Work to be completed: Reproduce exactly only the lines from the line that holds "curve of mice |" to the line that holds "Lucy is a beautiful", inclusive, in the listing below, and please leave out every picture.

Data for review:

______

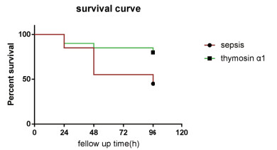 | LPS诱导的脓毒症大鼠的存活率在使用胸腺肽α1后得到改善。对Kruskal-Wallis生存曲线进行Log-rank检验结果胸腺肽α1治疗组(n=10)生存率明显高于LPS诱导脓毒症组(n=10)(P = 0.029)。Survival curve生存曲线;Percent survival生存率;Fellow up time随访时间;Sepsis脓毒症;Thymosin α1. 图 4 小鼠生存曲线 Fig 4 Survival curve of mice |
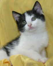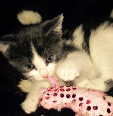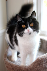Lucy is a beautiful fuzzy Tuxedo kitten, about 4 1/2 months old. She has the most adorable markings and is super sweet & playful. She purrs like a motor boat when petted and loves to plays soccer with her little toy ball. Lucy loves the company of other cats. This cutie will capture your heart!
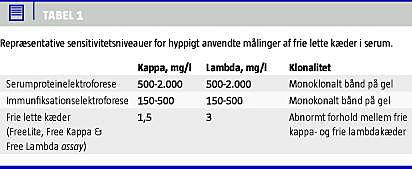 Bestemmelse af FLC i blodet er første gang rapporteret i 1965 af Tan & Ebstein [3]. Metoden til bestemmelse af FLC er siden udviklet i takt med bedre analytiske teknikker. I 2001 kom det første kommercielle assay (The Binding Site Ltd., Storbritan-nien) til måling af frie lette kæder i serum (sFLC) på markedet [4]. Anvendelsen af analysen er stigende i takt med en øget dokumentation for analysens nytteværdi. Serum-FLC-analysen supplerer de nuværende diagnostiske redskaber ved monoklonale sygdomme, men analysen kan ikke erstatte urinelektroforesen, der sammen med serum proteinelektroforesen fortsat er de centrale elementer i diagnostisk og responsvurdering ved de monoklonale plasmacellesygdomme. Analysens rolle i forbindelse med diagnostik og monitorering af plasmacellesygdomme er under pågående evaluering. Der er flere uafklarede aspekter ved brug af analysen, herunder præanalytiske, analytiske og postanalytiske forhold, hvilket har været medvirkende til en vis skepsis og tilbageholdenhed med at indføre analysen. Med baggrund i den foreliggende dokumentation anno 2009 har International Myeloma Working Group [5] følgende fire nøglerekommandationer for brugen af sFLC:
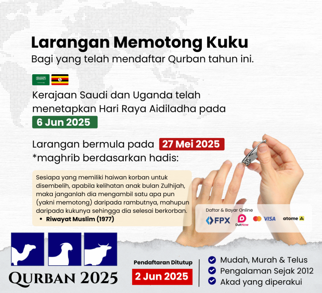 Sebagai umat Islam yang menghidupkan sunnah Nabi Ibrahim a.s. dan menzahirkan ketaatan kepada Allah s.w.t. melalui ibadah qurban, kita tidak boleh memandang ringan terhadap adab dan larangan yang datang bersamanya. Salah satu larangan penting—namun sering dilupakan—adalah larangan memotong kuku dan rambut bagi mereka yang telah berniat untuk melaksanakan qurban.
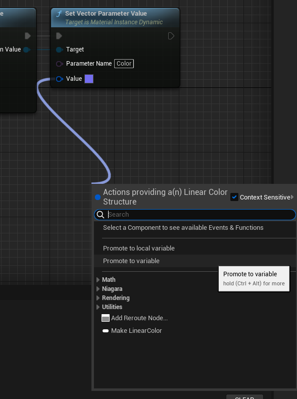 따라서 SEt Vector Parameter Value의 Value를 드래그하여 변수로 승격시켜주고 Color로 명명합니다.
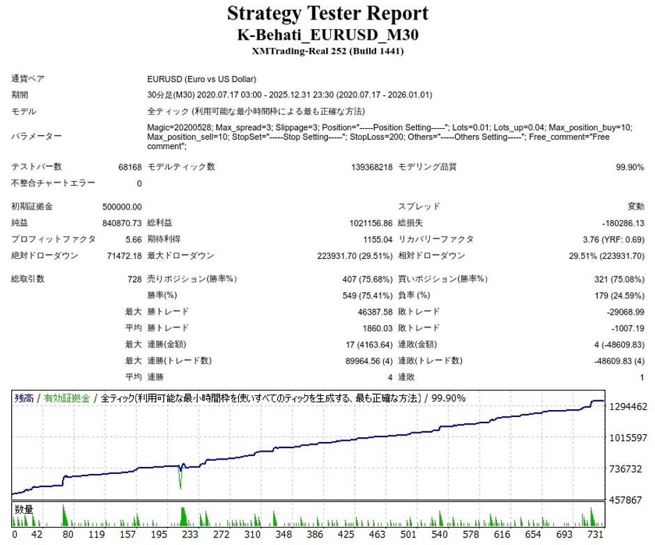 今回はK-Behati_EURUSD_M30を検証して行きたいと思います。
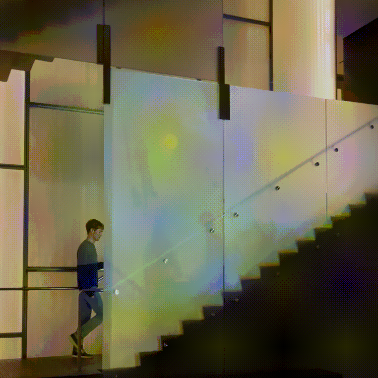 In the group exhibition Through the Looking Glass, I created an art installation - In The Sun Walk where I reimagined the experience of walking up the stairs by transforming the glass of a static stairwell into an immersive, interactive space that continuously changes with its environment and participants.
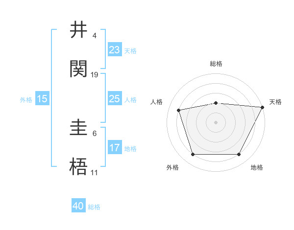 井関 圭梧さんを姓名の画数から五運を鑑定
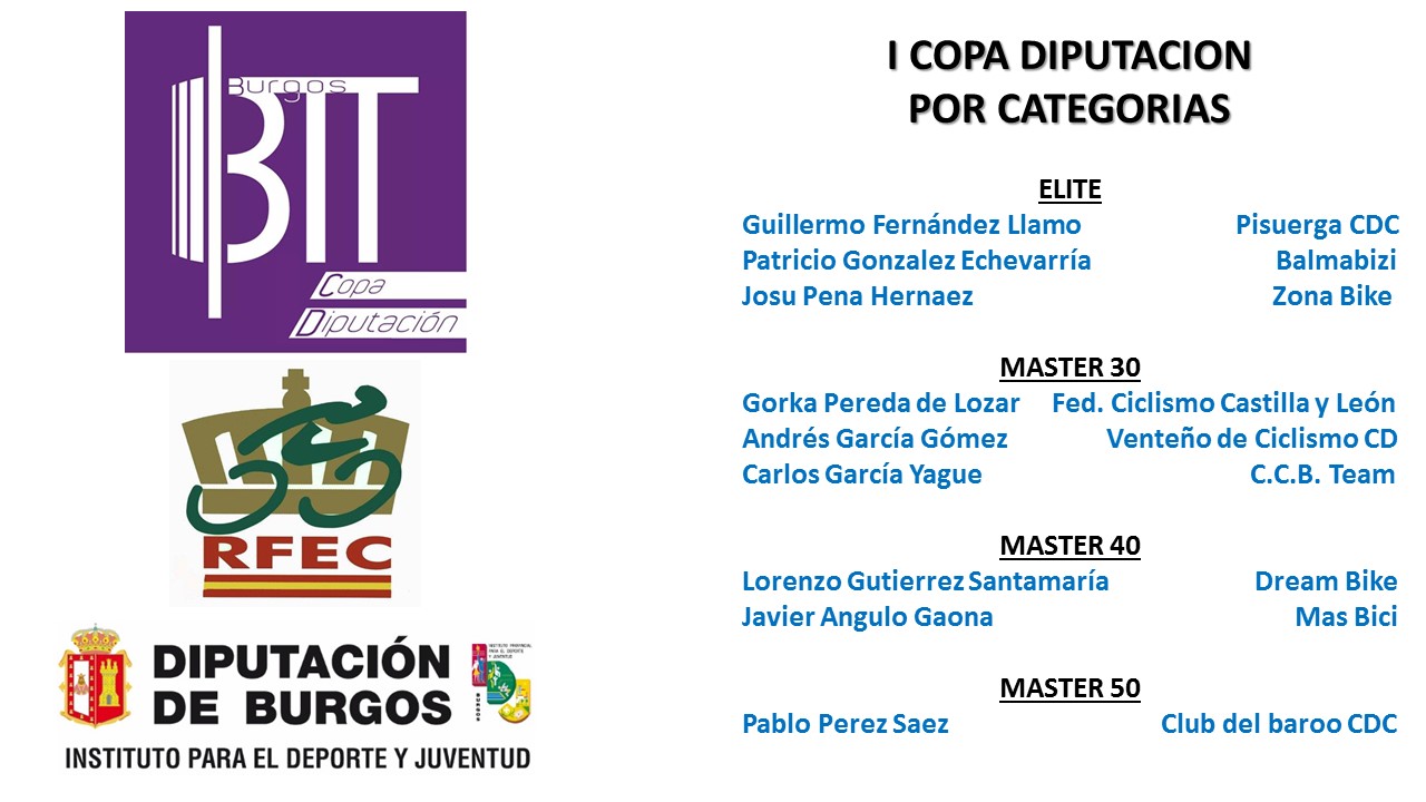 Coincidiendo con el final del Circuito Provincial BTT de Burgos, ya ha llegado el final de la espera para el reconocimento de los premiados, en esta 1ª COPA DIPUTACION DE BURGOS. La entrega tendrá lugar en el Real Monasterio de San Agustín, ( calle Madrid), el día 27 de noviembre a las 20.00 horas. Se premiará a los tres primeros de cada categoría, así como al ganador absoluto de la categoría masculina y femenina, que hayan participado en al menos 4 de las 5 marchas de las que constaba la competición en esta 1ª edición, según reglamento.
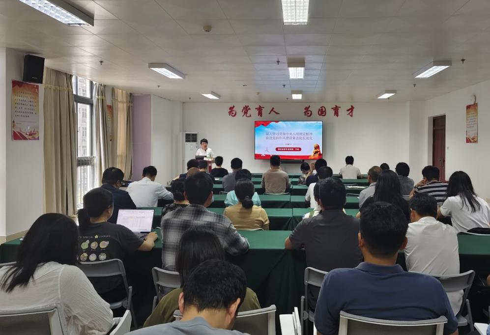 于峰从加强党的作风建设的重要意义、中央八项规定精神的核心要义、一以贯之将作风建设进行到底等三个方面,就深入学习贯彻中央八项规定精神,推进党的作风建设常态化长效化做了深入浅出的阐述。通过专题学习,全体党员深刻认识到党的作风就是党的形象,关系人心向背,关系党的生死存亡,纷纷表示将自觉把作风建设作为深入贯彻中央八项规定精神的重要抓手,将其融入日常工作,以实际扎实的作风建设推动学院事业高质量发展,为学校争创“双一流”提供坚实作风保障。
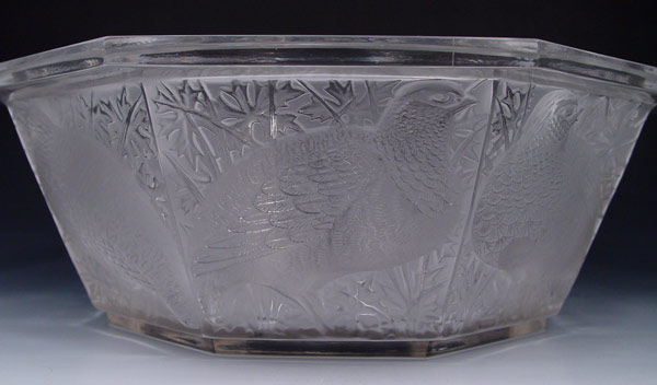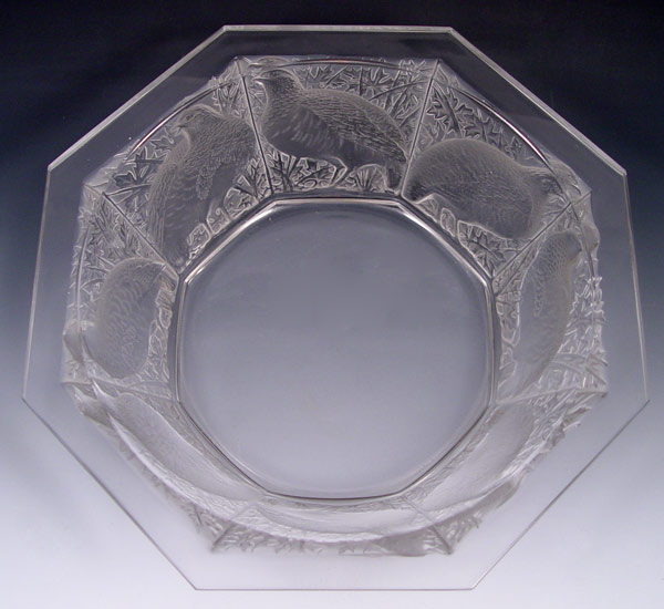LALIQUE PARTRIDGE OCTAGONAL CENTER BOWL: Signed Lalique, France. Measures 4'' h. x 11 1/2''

______

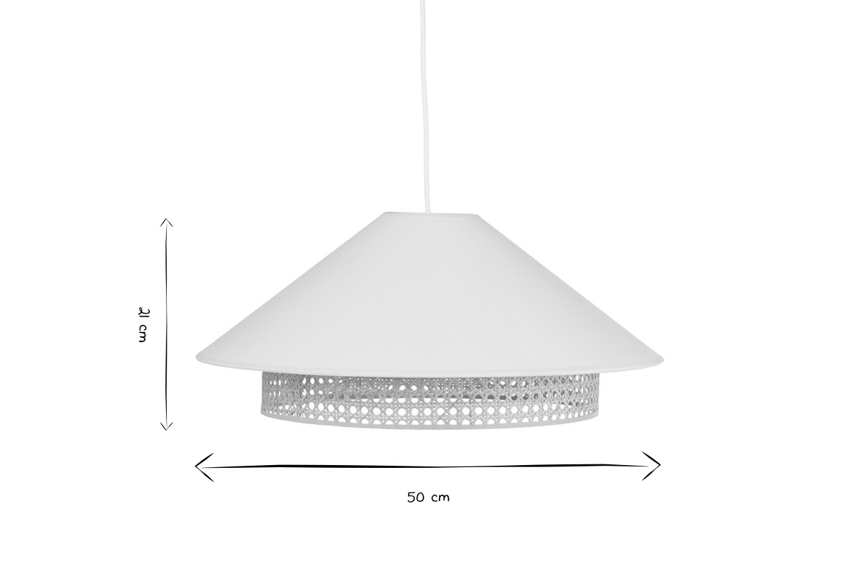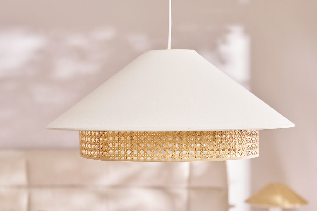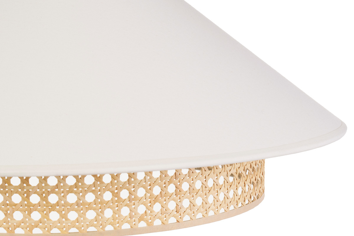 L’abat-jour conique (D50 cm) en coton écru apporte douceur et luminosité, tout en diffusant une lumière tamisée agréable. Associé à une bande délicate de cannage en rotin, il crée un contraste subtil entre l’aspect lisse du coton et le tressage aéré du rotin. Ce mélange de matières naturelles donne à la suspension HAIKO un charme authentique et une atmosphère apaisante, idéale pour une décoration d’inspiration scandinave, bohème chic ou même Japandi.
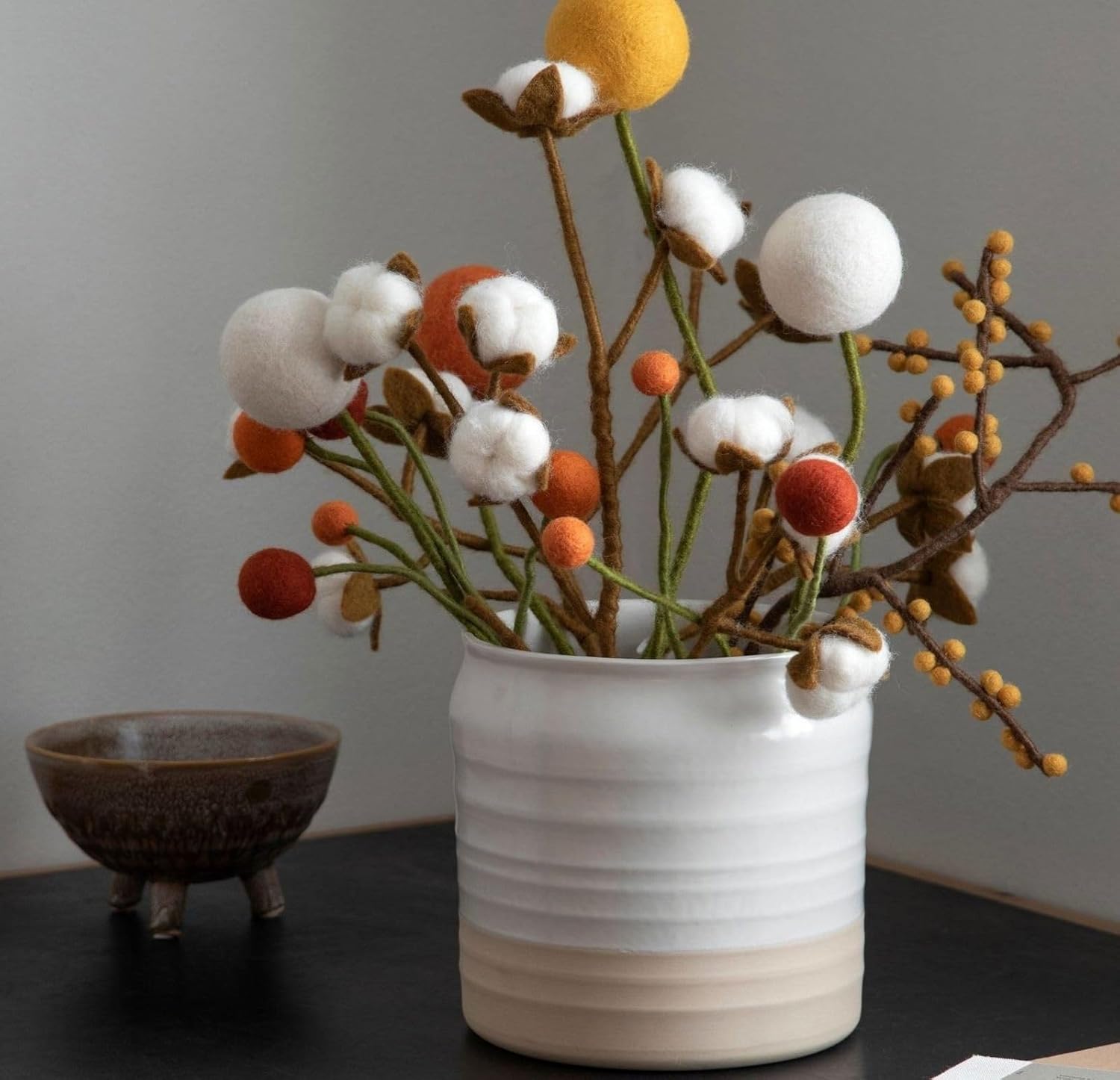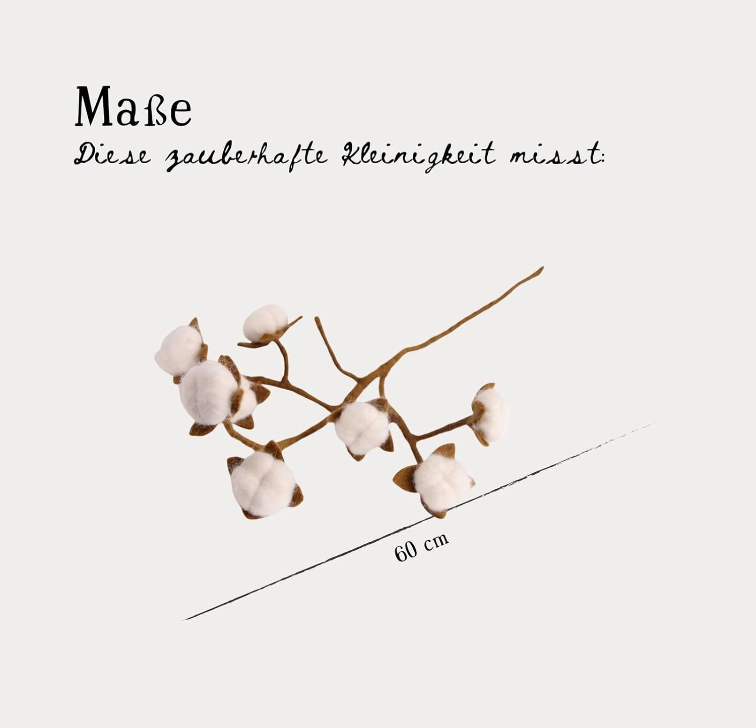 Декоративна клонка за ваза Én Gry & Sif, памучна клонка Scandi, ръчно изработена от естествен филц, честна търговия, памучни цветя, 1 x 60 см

______

Answer to this problem:
 | LPS诱导的脓毒症大鼠的存活率在使用胸腺肽α1后得到改善。对Kruskal-Wallis生存曲线进行Log-rank检验结果胸腺肽α1治疗组(n=10)生存率明显高于LPS诱导脓毒症组(n=10)(P = 0.029)。Survival curve生存曲线;Percent survival生存率;Fellow up time随访时间;Sepsis脓毒症;Thymosin α1. 图 4 小鼠生存曲线 Fig 4 Survival curve of mice |
Lucy is a beautiful fuzzy Tuxedo kitten, about 4 1/2 months old. She has the most adorable markings and is super sweet & playful. She purrs like a motor boat when petted and loves to plays soccer with her little toy ball. Lucy loves the company of other cats. This cutie will capture your heart!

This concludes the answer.